奈何言問澤被言家帶走,最終被葉家懲治的只有那個被收買的傭人。
「原來是你。」
葉靜潭不提,鄭秋白都要忘了,他差點被人下藥的事如今搞到整個燕城人盡皆知,今早簡訊箱差點被各路人馬的詢問八卦塞爆,全都要「多謝」葉靜潭在宴會廳正義出手。
怎麼他上輩子沒看出這是個那麼愛出風頭的玩意?
現在鄭爺要花多少時間善後公關才能挽回他那岌岌可危的名譽?
鄭秋白深呼吸一口氣,盯著葉靜潭問:「這麼說,葉先生,昨天晚上你親眼看到那人下藥了?」
「算是吧。
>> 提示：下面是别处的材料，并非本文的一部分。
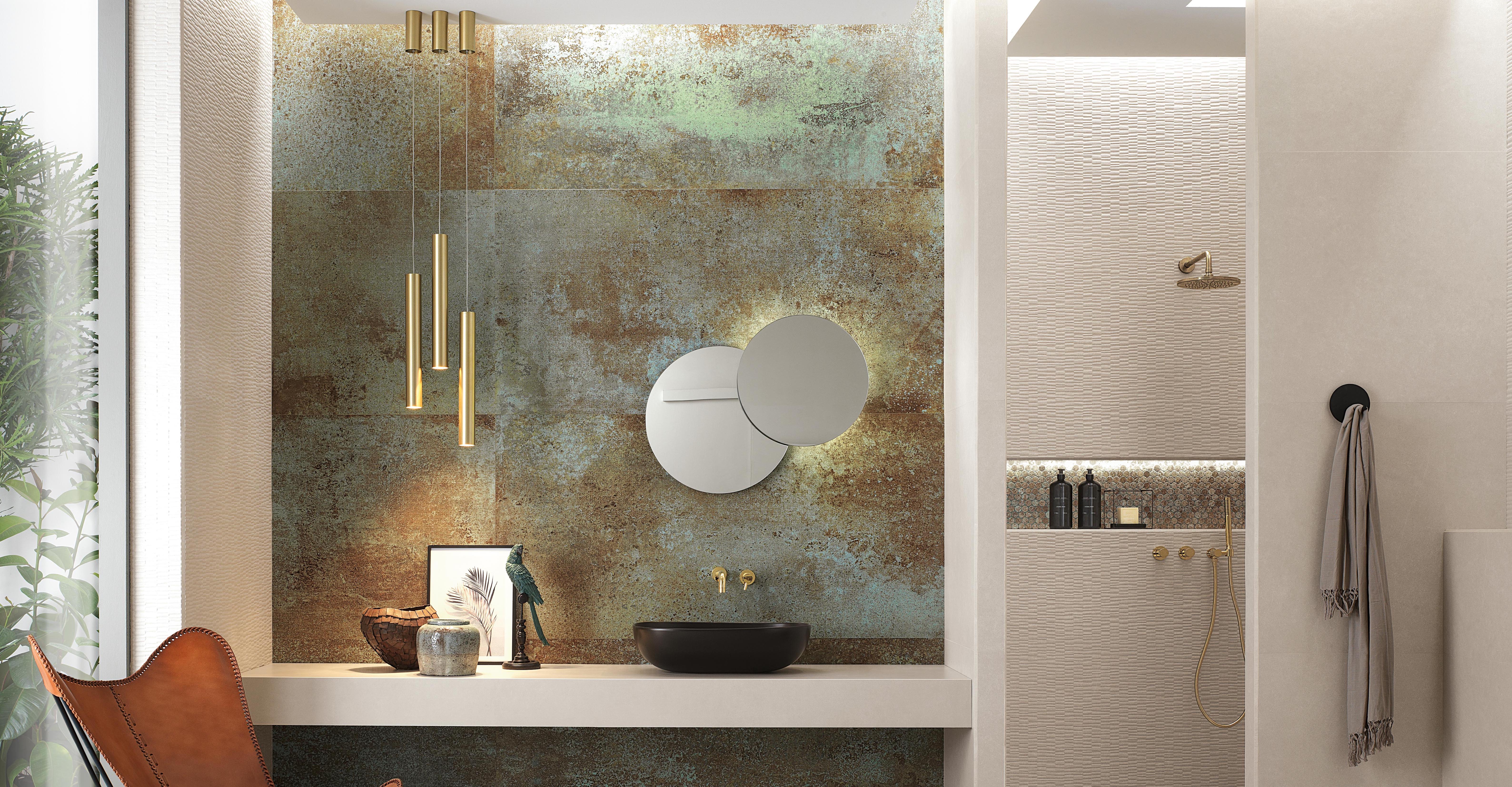 Grazie alle lavorazioni realizzate dall’azienda le estetiche di Sheer danno ritmo agli ambienti con accenti naturali, rilievi 3D e inserti metallici. Ne sono una testimonianza Camou Beige e Grey – ispirati alla matericità delle cave di marmo – e la bellezza dell’effetto ruggine Deco Rust.
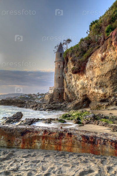 Закат над башней на пляже Виктория в Лагуна-Бич
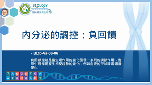 負回饋控制是指生理作用的變化引發一系列的調節作用,對原生理作用產生相反趨勢的變化,例如血液的甲狀腺素濃度變化

」葉靜潭垂眸,有些心虛。
那也是巧合,葉老爺子被葉聿風那一出氣到沒胃口,葉靜潭勸了一陣,就改去後廚吩咐人燉點好消化的米粥來。
他見到那傭人行為舉止鬼鬼祟祟,似乎往客人的餐食中加了些東西。
葉靜潭心知肚明這種事情不對勁,可昨晚上已經「出夠風頭」的他實在不想再牽扯進任何爛事裡了,他本來就是事不關己高高掛起的性子,於是只當沒看見。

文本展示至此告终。